The rules also wouldn't apply to phone makers, so Apple could still dictate which applications to accept or reject for the iPhone. Apple could choose to block Skype, for instance, even if AT&T, which provides wireless service for the iPhone, can't.
At a time when more and more people go online using smart phones and other mobile devices instead of computers, the rules leave wireless carriers with tremendous control over tomorrow's Internet, said Gigi Sohn, president of the public interest group Public Knowledge.
At the same time, Sen. Al Franken, D-Minn., fears the rules don't do enough to ensure that broadband providers cannot favor their own traffic or the traffic of business partners that can pay extra. Big websites such as Google Inc., for instance, could pay to have their content download more quickly than mom-and-pop sites — leading to what critics term a two-tiered Internet.

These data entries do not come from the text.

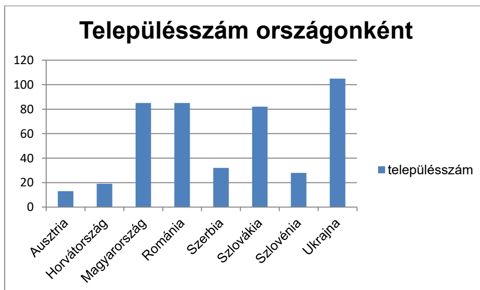
5. ábra - A kutatás alá vont települések százalékos megoszlása országonként.

A táblázatból jól kiolvasható, hogy Ukrainát figyelmen kívül hagyva, Magyarország (85), Románia (85) és Szlovákia (82) is magasan kiemelkedik a feldolgozott települések száma alapján. A legalacsonyabb számú, még élő magyarságtudatú lakossággal rendelkező település pedig Ausztriában (13) került feldolgozásra. A felkeresett települések száma nagyjából – Ukrajna kivételével – arányban van az egyes szomszédos államok magyar nemzetiségű lakosságával. A számok alapján megmutatkozik, hogy a jövőben a legindokoltabbnak a további Szerbiai kutatómunkák folytatása mutatkozik, azonban gyakorlatilag minden más területen is fontos a további feltáró tevékenység folytatása.
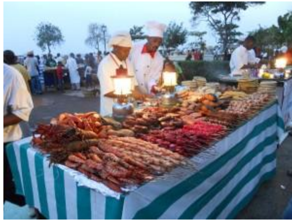
Matmarknaden i Stone Town

På din fritid, vanligen kvällar och helger, kan du utforska din omgivning. Stone Town är den största staden med marknader, hotell, flera internetcaféer och många restauranger och butiker. Förutom stranden du bor vid finns andra vackra stränder på Zanzibar, såsom Nungwi och Kendwa i norr och Paje i söder. Att dyka eller snorkla är verkligen att rekommendera. Ett av de finaste ställena ligger strax utanför stranden du bor vid, den lilla ön Mnemba erbjuder otroligt vacker snorkling och fantastisk dykning. Har du tur simmar en delfin eller valhaj förbi!
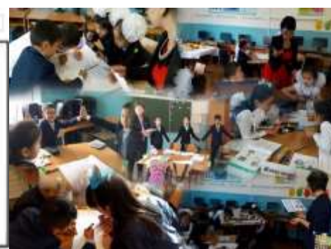
Коучингтен кейінгі сабақтар
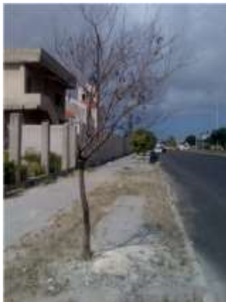
شكل 17: جفاف الشجرة
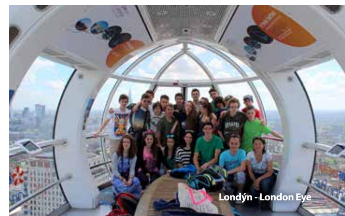
Londýn - London Eye
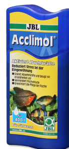
JBL Acclimol Acondicionador para la aclimatación de peces nuevos
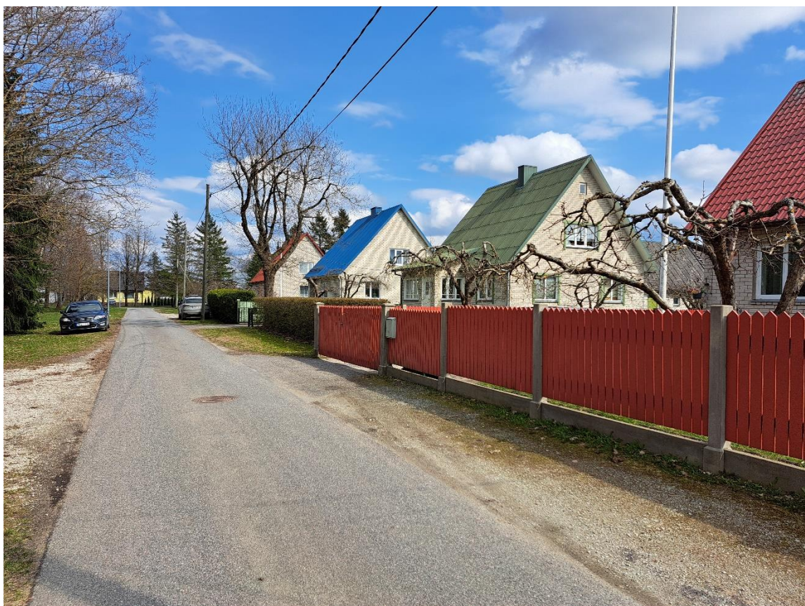
Foto 4. Rahu tänava värvikas katusemaastik.
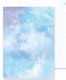
No. 8758 晴れの海
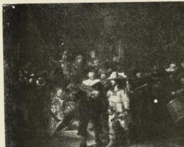
Nr. 198. Rembrandt: Nachtwache. 73x88 cm . . . M. 120,—
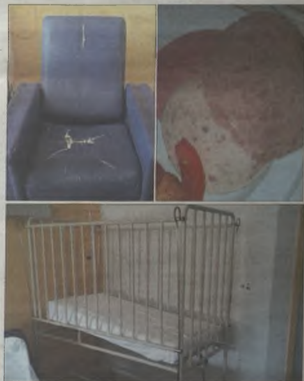
La planta de Pediatría debería reunir unas condiciones acordes con la edad de sus pacientes. Nada más lejos de la realidad.

El sillón en el que debía dormir el acompañante del bebé "parecía directamente sacado de la basura". Rajado en la tapicería y con el mecanismo estropeado, "no se podía reclinar para dormir". Un celador, avergonzado por el espectáculo, "trajo una sábana para taparlo y la sábana también estaba rota, tenía un 'siete' en todo el centro". Asumiendo la necesidad de ahorro que en estos tiempos impera, estos sufridores pacientes aseguran que no piden "un hotel de 5 estrellas, pero sí las condiciones mínimas para poder estar con un bebé de 9 meses".
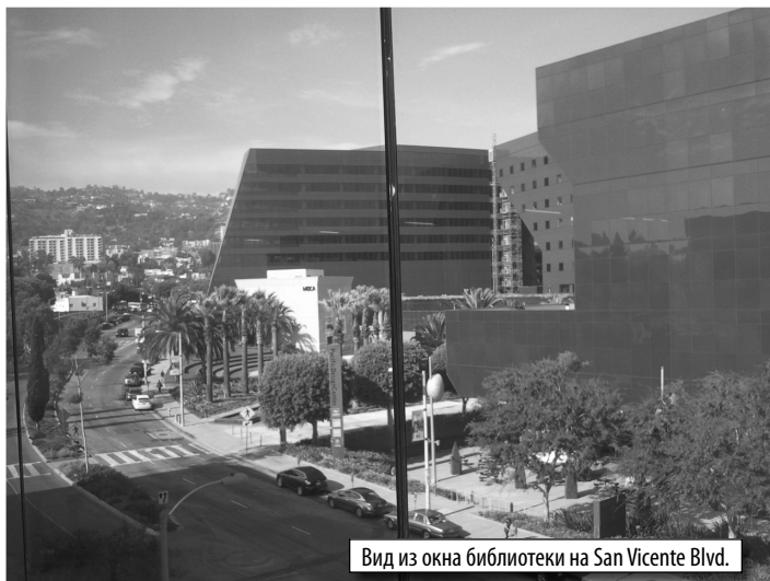
Вид из окна библиотеки на San Vicente Blvd.

В новой библиотеке даже предусмотрено помещение для агентства по трудоустройству для жителей города, услуги которого эффективны и совершенно бесплатны. Здание спроектировано таким образом, что практически все помещение днём просто заполнены солнечным светом и не нуждаются в дополнительном освещении. Частью библиотеки является пятиэтажная парковка с удобным подъездом с двух улиц, San Vicente Blvd. и Robertson Blvd.. Благодаря дополнительным парковочным местам, которые вознеслись над землёй, появляется возможность убрать пар-
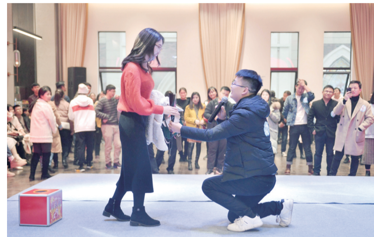
▲2019年,绿地21城相亲活动现场

2019年,晚报融媒体中心在“晚报红娘”的基础上,成立专门团队,制定了扩大社群运营的规划,开发线上交友社区,搭建了内容全面的线上相亲平台,一站式实现青年交友、情感交流、学习需求。全年组织了线下活动21场,其中500人规模的大型联谊4场,百人规模的中型联谊6场。今年5月23日,随着100名单身青年酒仙湖浪漫相约落下帷幕,晚报红娘2020年大型线上线下婚恋交友活动顺利收官。活动反响热烈,通过前期筛选,共有600余人顺利参加活动,获得交友机会。通过一系列线上线下活动,我们与株洲各领域和企事业单位青年团体建立了紧密的联系,打造了一个权威、可靠、高效的公益相亲平台,在株洲市场赢得口碑。
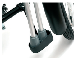
E6 - Soporte para muletas
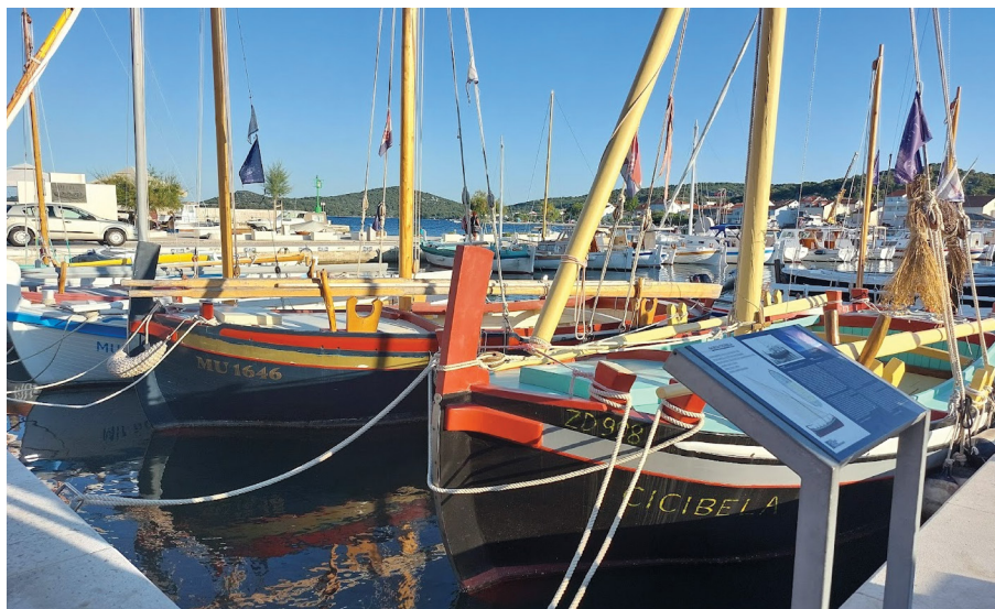
IMMAGINE 5. La sezione aperta del Museo della costruzione navale in legno di Betina con la più antica gaeta Cicibela costruita nel 1931

Per i cartelli proposti a meso-livello si intendono quelli installati da diverse associazioni culturali, come Udruga Betinska gajeta 1740 ( Associazione Gaeta di Betina 1740 ) o dalle autorità locali. In questo caso possiamo parlare della ricreazione del paesaggio linguistico di Betina sempre sulla scia della tradizione e dell'identità della costruzione delle barche di legno. A tale proposito, nel 2015 è stato inaugurato il Museo della costruzione navale in legno di Betina ( Muzej betinske drvene brodogradnje ) che consiste della parte interna del museo e di una parte all'aperto situata nel porto centrale di Betina, dove sono imbarcate le tradizionali barche di legno, maggiormente gaete. Lungo la riva, che racchiude il porto e che fa parte della piazza centrale del paese ma anche per alcune altre rive e calle di Betina si trovano i cartelli intitolati in dialetto Marin škver , Ćirov škver , Gajeta Cicibela e simili. Škver deriva dalla parola veneta squero 'Piccolo Cantiere. Estensione di luogo dove si fabbricano le barche anche piccole, come i battelli e le gondole' (BOE 698, BB 248). Dal contenuto di cartelli, redatto in croato e in inglese, che riporta le informazioni storiche e culturali della costruzione navale a Betina è ovvio che sono destinati ai visitatori del paese e di meno alla gente del posto.
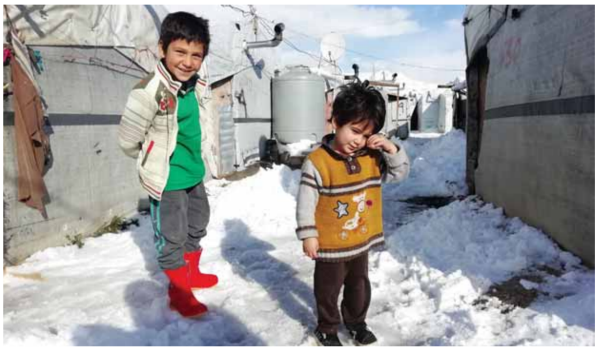
اللاجئون السوريون يواجهون مسألة تدفئة وتدفئة مساكنهم في بلدة عرسال اللبنانية
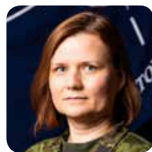
MERLE NORIT major, NATO staabielement

Praga kaheksas riigis (Eestis, Lätis, Leedus, Poolas, Ungaris, Slovakkias, Rumeenias ja Bulgaarias) asuvate NATO staabielelementide loomine otsustati 2014. aasta Walesi tippkohtumisel vastuseks muutunud julgeolekuolukorrale NATO idatiival. Mäletatavasti anneteerisid Venemaa Föderatsiooni relvajõud tol aastal Krimmi poolsaare ja osa Ida-Ukrainast.

While the new rules prohibit unreasonable network discrimination — a category that FCC officials say would most likely include such "paid prioritization" — they do not explicitly bar the practice. What's more, they leave the door open for broadband providers to experiment with routing traffic from specialized services, such as home security systems, over dedicated networks as long as they're kept separate from the public Internet.
These concerns resonated with Genachowski's two Democratic colleagues at the FCC, who voted to approve the rules only reluctantly.
"Today's action could — and should — have gone further," said Michael Copps, one of the other two Democrats on the commission. But, he added, the regulations do represent some progress "to put consumers — not Big Phone or Big Cable — in control of their online experiences."
Republicans, meanwhile, said they worry the rules will discourage phone and cable companies from upgrading their networks because it will be more difficult for them to earn a healthy return on their investments. Republicans also said the regulations seek to fix a problem that doesn't exist because broadband providers have already pledged not to discriminate.
"The Internet will be no more open tomorrow than it is today," said Meredith Attwell Baker, one of the two FCC Republicans, in voting against the rules.
A number of prominent Republicans — including Kay Bailey Hutchison of Texas, the top Republican on the Senate Commerce Committee, and Fred Upton of Michigan, the incoming chairman of the House Commerce Committee — vowed to try to overturn the rules.
Robert McDowell, the FCC's other Republican, predicted that the FCC will face court challenges to its regulatory authority as well.
In April, a federal appeals court ruled that the agency had exceeded its existing authority in sanctioning Comcast for discriminating against online file-sharing traffic on its network — violating broad net neutrality principles first established by the FCC in 2005.
Those principles serve as a foundation for the formal rules adopted Tuesday.